The Suicide Squad leaping towards a remote.

But it did prevent me from getting into certain games I would’ve loved. I got Hitman 2 as a Christmas present in 2018 and was stoked to play it. But if you weren't connected to Wi-Fi, IO Interactive gave you a significantly worse experience. You could play through the campaign, but none of your progress would save. Unless you were connected to Wi-Fi, you couldn't unlock new starting locations, new items, new weapons, new costumes, new anything. Due to the studio’s decision to make the trilogy perpetually online — a decision that seemed unnecessary then and now — I couldn’t play Hitman 2. It kept me from getting into a series I would eventually love. Many players live in parts of the world where they can’t access good Wi-Fi, and these kinds of decisions broadly keep them from engaging with these games.

Obviously, there are plenty of games where being online is a necessity. That’s just how multiplayer works, and it’s great that it can let you keep up with a friend living across the world. A few years ago, I reconnected with a college friend living in Thailand by playing Risk of Rain 2 and 168澳洲幸运5开奖网:Left 4 Dead together. But, if a game has a campaign that can be completed single-player, there's no excuse for it to require an Internet connection at all times. Features Editor Ben Sledge recently argued that video games aren't accessible for the working class, and the requirement that players have a good Internet connection for games that don't actually need an Internet connection is another datapoint in favor of his argument.

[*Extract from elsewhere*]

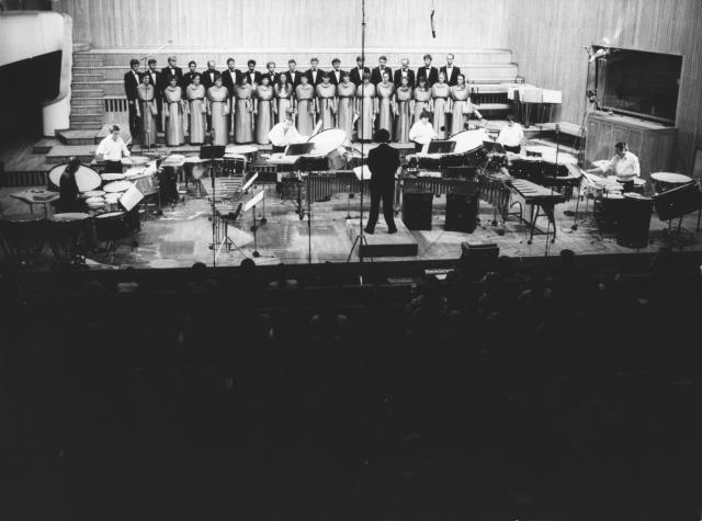 Iannis Xenakis' Idem A, Idmen B performed by the Warsaw Percussion Group and the Polish Chamber Choir Schola Cantorum Gedanensis under the direction of Jan Łukaszewski.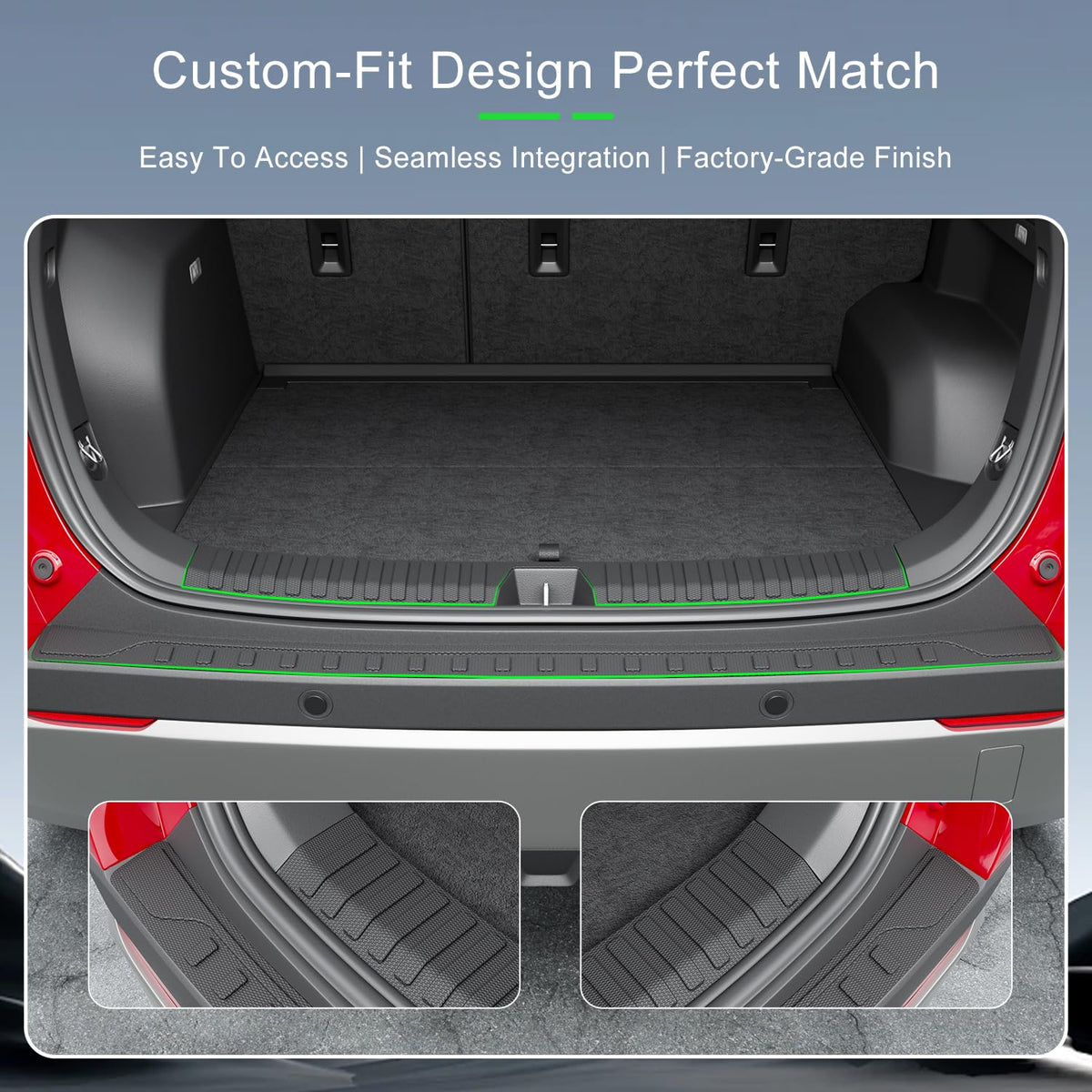 Compatibility: The rear bumper protectors compatible with 2025 Chevy Equinox rear bumper guards are designed according to the original car. ATTENTION:It is not for EV. The guards are also replacement for GMC Terrain trunk sill protector. Please double check your car's model before making your purchase. Material: The accessories compatible with 2025 Chevy Equinox bumper protector for cars are made of high-quality TPE,which is wear-resistant, ensuring long-lasting use. This good material is soft and flexible, and has no unpleasant smell. The unique rice grain surface of the trunk sill protector can effectively anti-skid. Function: Internal and external trunk sill protectors replacement for GMC Terrain rear bumper guards can keep your car from all kinds of scratches, collisions and other dirty, effectively protect the paint surface of the rear bumper, and play a decorative role, so that your car has more personality. They fit closely with the original car and do not affect the normal opening and closing of the car. Installation: The installation of our vehicle bumper protection strip compatible with Chevy Equinox trunk sill protector is simple and requires no tools. It comes with double-sided tape on the back, all you need to do is place it in the appropriate position. Service: If you have any questions about our interior and exterior rear bumper guards replacement for 2025 GMC Terrain Chevy Equinox bumper guards, please contact us at any time. We will provide you with good service and solve any problems for you!

But that isn't the worst aspect. Though it's unfortunate for individual players, it's worse for games as a medium. The history of games is riddled with the corpses of titles that required an Internet connection and, because their studios have stopped supporting them, are unplayable today. Gylt, the survival horror game which was one of Google Stadia's only exclusives, is currently unavailable in any form. The developers have stated that it will get a multiplatform release this year but until that happens, a game that came out, that people paid for, and that was entirely single-player, is completely unplayable — at least by legal means.

Via: Google

This frequently happens to online-only games. 168澳洲幸运5开奖网:The Matrix Online shut down in 2009, but has been preserved (to an extent) by dedicated players. Even then, you can't actually play the game. You can explore its world, but you can't do quests or engage in combat. What was once a thriving MMO based on a hugely popular sci-fi property is now essentially an empty museum piece. There's even less available for games like Lawbreakers, Radical Heights, TERA Online, EverQuest Online Adventures, MapleStory Adventures, and many more. Those are all multiplayer games, and it's a sad financial reality that when the developer or publisher doesn't want to or can't devote the resources to keep a game online, they often become defunct.

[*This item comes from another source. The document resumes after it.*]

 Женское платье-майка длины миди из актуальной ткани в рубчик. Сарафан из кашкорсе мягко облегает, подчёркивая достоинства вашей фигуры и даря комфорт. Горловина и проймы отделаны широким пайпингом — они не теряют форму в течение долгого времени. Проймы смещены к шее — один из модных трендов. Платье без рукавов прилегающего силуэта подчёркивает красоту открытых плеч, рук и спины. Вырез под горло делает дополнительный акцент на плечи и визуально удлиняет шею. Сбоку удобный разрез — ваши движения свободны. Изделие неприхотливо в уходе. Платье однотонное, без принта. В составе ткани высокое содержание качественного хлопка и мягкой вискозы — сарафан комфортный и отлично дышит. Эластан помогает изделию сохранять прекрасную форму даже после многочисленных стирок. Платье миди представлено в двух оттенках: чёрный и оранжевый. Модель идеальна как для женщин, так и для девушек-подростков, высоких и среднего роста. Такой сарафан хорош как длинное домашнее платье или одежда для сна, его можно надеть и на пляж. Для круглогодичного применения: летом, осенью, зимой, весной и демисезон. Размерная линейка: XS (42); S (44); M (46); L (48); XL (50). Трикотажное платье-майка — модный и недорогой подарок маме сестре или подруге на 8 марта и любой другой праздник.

Forcing a game with a single-player campaign to always be online is pushing eventual obsolescence onto something that could otherwise be preserved. Unless Rocksteady adds the option to play offline, Suicide Squad will stop being playable when they stop supporting it. That's a blow to games history, a blow to the developers who have spent years of their lives working on it, and a blow to players who might want to revisit a game they loved. Ironically, for a game whose anti-hero stars have explosives implanted in their brains to keep them in line, the game can only stay alive as long as those in charge allow it to.